***
Однажды ходжа Насреддин отправился на базар и долго ходил взад и вперёд вдоль прилавков — прицениваясь, но ничего не покупая. Рыночный стражник некоторое время наблюдал издали, в конце концов обратился к нему с назиданием: «Уважаемый, я вижу, денег у вас нет, вы лишь напрасно теребите торговый люд. Подай вам это и то, поменяй фасон и размер, взвесь и порежь, а выгоды купцу — ни на грош. Если бы я не знал, что вы — ходжа Насреддин, подумал бы, что на рынке завёлся воришка: ждёт, пока купец отвернётся, чтобы запустить руку в чужую мошну». В ответ на это ходжа вытащил из кармана кошель, полный золотых и серебрянных монет, и молча подал его стражнику. Тот принялся извиняться. Насреддин жестом остановил его, показывая, что не в обиде, и сказал:
«Обычно я покупаю здесь на сумму столь незначительную, что выбирать товар долго не приходится. Но сегодня меня пригласил для беседы наш правитель Тимур, и, провожая до ворот, дал этот кошелёк. Он сказал: «Милый ходжа, я хочу, чтобы ты пошёл на базар и купил что-нибудь такое, что способно доставить тебе маленькое человеческое удовольствие». Вот уже четвёртый час я брожу здесь и выяснил за это время, что маленькое человеческое удовольствие можно получить лишь бесплатно — выбирая и прицениваясь, но заплатив деньги, немедленно его теряешь».
***
Когда Насреддина упрятали в психушку, врач принялся осторожно расспрашивать его, пытаясь выяснить причину помрачения рассудка: «Вы знаете, почему здесь находитесь?». «Конечно, знаю, — ответил Насреддин, — вот уже три года подряд я просыпаюсь под утро от собственного воя. Мне снится, что я — собака и вот-вот превращусь в человека». «Стало быть, у вас проблемы со сном?» «Проблемы со сном — у моих соседей, доктор. Жена и дети одно время пугались, но — привыкли. А у меня вообще нет никаких проблем». «Вы что же, хотите сказать, что не видите ничего странного в том, чтобы просыпаться ни свет ни заря? Будить соседей? Пугать детей?» «Ничего не поделаешь: возвращать себе человеческий облик довольно неприятно. Зато нет ничего прекраснее раннего отхода ко сну, когда мне снится, что я вновь превращаюсь в собаку».
***
Однажды Насреддину приснилось, что он едет в поезде и сочиняет эпическое произведение в стихах о своём путешествии.
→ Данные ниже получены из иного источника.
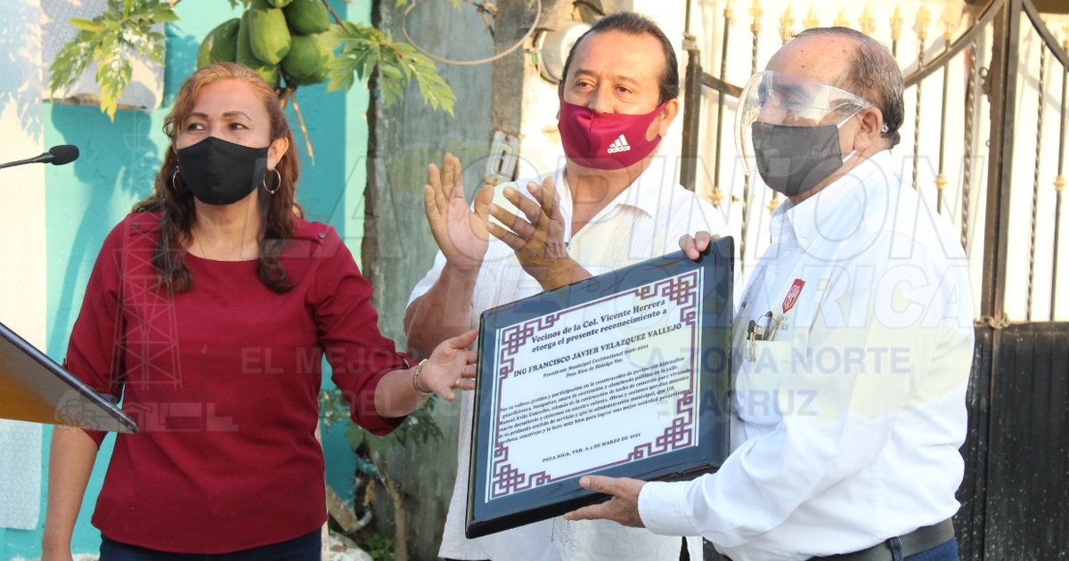 Poza Rica, Ver.- Vecinos de la colonia Vicente Herrera entregaron un reconocimiento expresando al alcalde Francisco Javier Velázquez Vallejo, que se ha destacado realmente por cambiar a Poza Rica, con la realización de obras y acciones que dan muestra de su profundo sentido de servicio y que la administración municipal que encabeza, construye y lo hace muy bien, para lograr una mejor sociedad pozarricense.

Поэма была настолько прекрасна, что, проснувшись, Насреддин бросился к столу, чтобы поскорее записать её, но как только взял в руки перо, выяснилось, что в памяти не осталось ничего, кроме четверостишия, где жизнь сравнивалась с василиском, чей взгляд можно испытать на себе лишь однажды. Поразмыслив здраво, Насреддин решил, что ни ему самому, ни потомкам эта печальная истина совершенно ни к чему, и записывать не стал, но отправился спать снова — в надежде, что на этот раз снов не будет.
ЗИМА В ТЕЛЬ-АВИВЕ
Рахель
Я ничего не чувствую, говорит она, я, наверное, умерла. Она щиплет себя за нос и подходит к зеркалу — проверить, покраснел ли нос. Нос покраснел, и было больно, но что это доказывает? Краснеют ли мертвецы? Бывает ли им больно? Кто знает…
Я ничего не чувствую! Я ничего не чувствую! — говорит она громко. Из соседней комнаты выходит мать и смотрит на неё круглыми глазами.
Вызвать «скорую»?
Это поможет? Я ничего не чувствую. Я совсем ничего не чувствую. Я умерла или, по крайней мере, тяжело заболела.
Я вызову «скорую», говорит мать. Я уже вызываю.
Я не чувствую, что ты вызываешь. Я тебя не чувствую. Ты тут?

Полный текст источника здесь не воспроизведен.